Wilkes University, Mesa
- Motto: "Unity Amidst Diversity"
- Type: Private
- Active: 2013–2017
- President: Alan Gregory Cant, PhD
- Provost: Terese Wignot, PhD (interim)
- Undergraduates: 2,200
- Postgraduates: 2,700
- Location: Mesa, Arizona, United States of America
- Colors: Blue and Gold
- Mascot: Colonels
- Website: www.wilkes.edu/mesa

= Wilkes University, Mesa =

Private university in Mesa, Arizona, US

Wilkes University, Mesa was a campus of Wilkes University located in Mesa, Arizona. It began offering classes in Arizona in 2013. The university was established to provide first-generation college students access to higher education. It was one of four colleges invited to participate in Mesa's H.E.A.T. (Healthcare, Education, Aerospace, Technology/Tourism) Initiative for Economic Development.
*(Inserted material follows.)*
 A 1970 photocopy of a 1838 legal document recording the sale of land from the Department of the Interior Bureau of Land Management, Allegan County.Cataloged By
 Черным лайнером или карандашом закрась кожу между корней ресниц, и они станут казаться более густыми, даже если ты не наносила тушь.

The campus ceased to offer in-person education in 2017.

In 1933, the Wilkes University main campus was founded in Wilkes-Barre, Pennsylvania. The university signed an agreement with Mesa, Arizona to bring a satellite location to the city in July 2012. Under the agreement, Mesa negotiated a five-year lease for Wilkes University in the Mesa Center for Higher Education.
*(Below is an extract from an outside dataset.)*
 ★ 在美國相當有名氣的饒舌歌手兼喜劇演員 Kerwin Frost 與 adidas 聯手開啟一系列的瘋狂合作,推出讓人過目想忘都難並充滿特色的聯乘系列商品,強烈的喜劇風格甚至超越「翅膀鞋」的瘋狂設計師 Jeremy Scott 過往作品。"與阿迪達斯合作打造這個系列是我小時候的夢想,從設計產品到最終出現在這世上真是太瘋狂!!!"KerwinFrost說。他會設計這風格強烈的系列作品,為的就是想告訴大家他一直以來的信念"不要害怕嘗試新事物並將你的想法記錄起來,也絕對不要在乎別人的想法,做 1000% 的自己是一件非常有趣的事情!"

Wilkes University, Mesa began offering classes in 2013. It was the fourth university to open a campus in Mesa that year. In 2013, the university began offering an MBA program. The main campus was ranked 74th best regional university in the northern United States by U.S. News & World Report the following year. In November 2014, Wilkes University, Mesa offered over $150,000 in scholarships to Mesa residents. The university focuses on providing education opportunities to first-generation students.
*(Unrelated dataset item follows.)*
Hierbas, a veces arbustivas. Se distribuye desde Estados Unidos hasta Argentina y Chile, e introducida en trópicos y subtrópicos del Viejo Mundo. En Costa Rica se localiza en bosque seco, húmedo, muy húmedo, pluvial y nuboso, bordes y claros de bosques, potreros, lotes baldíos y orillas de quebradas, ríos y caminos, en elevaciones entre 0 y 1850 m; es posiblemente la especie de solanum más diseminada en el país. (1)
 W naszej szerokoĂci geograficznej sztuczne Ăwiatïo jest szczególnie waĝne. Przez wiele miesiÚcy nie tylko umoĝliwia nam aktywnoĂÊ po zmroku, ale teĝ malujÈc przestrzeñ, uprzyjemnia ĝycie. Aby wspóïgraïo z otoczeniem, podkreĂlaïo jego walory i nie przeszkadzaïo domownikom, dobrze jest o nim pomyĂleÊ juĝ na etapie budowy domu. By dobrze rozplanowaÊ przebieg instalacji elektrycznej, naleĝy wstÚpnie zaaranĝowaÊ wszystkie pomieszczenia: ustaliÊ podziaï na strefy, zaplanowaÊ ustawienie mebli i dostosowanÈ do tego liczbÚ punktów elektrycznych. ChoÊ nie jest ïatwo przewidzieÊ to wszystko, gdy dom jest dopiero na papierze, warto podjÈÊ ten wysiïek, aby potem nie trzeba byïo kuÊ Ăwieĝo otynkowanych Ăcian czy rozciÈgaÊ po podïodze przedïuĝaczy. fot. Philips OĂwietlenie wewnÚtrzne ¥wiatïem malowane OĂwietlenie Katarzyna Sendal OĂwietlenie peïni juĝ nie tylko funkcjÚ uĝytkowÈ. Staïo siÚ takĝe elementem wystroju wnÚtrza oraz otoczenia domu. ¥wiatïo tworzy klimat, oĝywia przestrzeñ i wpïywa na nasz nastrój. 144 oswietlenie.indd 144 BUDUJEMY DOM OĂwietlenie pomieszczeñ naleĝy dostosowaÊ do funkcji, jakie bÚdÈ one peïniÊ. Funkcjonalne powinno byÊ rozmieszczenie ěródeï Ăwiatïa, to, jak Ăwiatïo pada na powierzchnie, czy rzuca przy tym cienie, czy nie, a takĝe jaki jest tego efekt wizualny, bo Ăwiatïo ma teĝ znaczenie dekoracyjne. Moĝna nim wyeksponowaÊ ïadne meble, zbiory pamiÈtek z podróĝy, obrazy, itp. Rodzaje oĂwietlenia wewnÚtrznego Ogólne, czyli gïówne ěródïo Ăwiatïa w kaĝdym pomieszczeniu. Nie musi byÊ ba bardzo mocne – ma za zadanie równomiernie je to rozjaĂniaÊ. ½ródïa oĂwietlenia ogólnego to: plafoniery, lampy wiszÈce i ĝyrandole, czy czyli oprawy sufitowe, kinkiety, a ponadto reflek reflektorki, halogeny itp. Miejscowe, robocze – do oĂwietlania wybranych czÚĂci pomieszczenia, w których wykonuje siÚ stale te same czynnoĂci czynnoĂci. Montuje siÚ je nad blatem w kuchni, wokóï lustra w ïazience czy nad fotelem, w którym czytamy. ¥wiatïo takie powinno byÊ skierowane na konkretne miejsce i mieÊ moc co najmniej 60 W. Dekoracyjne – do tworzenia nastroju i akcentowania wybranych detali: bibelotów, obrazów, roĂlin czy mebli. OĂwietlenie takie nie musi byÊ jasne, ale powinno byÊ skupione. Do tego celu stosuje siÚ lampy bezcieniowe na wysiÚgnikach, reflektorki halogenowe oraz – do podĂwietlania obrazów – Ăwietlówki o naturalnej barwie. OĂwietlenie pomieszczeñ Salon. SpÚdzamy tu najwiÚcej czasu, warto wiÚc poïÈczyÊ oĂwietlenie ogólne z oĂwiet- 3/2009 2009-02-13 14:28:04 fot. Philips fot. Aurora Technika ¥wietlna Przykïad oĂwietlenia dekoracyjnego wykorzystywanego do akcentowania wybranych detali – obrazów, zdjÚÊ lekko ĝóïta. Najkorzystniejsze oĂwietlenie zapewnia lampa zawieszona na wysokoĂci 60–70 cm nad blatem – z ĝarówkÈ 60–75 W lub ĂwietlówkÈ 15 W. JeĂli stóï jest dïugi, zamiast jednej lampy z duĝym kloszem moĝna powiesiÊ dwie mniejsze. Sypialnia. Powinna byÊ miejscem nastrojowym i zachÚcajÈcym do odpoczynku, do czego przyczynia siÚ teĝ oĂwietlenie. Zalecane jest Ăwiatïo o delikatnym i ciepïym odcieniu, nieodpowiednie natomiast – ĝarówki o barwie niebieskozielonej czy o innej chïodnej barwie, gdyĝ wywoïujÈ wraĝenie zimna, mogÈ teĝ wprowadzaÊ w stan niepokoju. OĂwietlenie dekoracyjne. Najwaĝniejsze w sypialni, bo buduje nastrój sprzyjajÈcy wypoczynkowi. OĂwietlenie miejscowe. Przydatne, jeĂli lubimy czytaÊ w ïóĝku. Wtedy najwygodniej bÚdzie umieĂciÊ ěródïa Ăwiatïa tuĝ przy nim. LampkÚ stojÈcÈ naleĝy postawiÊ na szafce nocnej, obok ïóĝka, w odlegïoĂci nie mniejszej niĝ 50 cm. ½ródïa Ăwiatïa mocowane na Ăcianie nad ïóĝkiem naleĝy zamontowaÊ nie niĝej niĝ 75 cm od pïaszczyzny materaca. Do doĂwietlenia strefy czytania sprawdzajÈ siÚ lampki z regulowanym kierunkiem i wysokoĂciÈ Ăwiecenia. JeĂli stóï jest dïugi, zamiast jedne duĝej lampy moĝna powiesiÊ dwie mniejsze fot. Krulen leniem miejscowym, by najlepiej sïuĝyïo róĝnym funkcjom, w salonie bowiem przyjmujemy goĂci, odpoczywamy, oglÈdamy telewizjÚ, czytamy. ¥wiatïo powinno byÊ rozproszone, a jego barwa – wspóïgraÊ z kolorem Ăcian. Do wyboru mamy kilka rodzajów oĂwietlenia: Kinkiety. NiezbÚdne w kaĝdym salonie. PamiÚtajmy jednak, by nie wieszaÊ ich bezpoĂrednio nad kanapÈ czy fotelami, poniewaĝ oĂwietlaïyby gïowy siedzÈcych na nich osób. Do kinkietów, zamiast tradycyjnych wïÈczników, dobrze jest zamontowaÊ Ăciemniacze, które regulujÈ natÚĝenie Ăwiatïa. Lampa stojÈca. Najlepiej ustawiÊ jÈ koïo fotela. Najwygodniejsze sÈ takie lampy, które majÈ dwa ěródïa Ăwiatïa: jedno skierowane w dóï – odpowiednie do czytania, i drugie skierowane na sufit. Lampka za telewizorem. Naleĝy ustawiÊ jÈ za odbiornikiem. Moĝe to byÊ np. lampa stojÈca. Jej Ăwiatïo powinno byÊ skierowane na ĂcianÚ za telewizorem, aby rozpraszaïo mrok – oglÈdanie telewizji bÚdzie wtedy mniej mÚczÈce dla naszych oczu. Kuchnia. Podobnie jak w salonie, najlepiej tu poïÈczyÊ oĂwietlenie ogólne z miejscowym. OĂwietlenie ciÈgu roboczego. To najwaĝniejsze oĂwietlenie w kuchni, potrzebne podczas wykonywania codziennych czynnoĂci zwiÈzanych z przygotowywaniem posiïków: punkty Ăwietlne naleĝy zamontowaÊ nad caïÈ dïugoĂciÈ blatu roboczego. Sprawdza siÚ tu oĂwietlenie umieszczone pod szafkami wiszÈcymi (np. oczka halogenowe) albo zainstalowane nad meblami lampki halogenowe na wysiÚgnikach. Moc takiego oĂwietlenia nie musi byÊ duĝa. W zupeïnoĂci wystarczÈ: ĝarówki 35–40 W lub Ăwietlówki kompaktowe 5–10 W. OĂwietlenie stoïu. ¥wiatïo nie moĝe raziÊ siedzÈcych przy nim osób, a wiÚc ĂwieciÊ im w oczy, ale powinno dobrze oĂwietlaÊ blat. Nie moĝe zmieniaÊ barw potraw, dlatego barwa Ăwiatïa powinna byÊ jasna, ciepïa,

The university hosted a writer's conference and All-Collegiate poetry slam in December 2014. In January 2015, Wilkes University, Mesa began offering business majors including accounting, entrepreneurship, finance, management, marketing and sports and event management. Additionally, the university added master's degrees in creative writing and education to its degree plans as well as a doctor of education program in educational leadership. Wilkes University, Mesa graduated its first class of MBA students in December 2014.

==Academics==
Wilkes University offered 39 undergraduate degree programs, a doctor of nursing practice, doctor of education and doctor of pharmacy degrees and multiple master's degrees. The Mesa location specialized in Master of Business Administration degrees and bachelor's degrees in business for transfer students. Additionally, the campus offered master's degrees in engineering management, creative writing, education and a doctor of education program.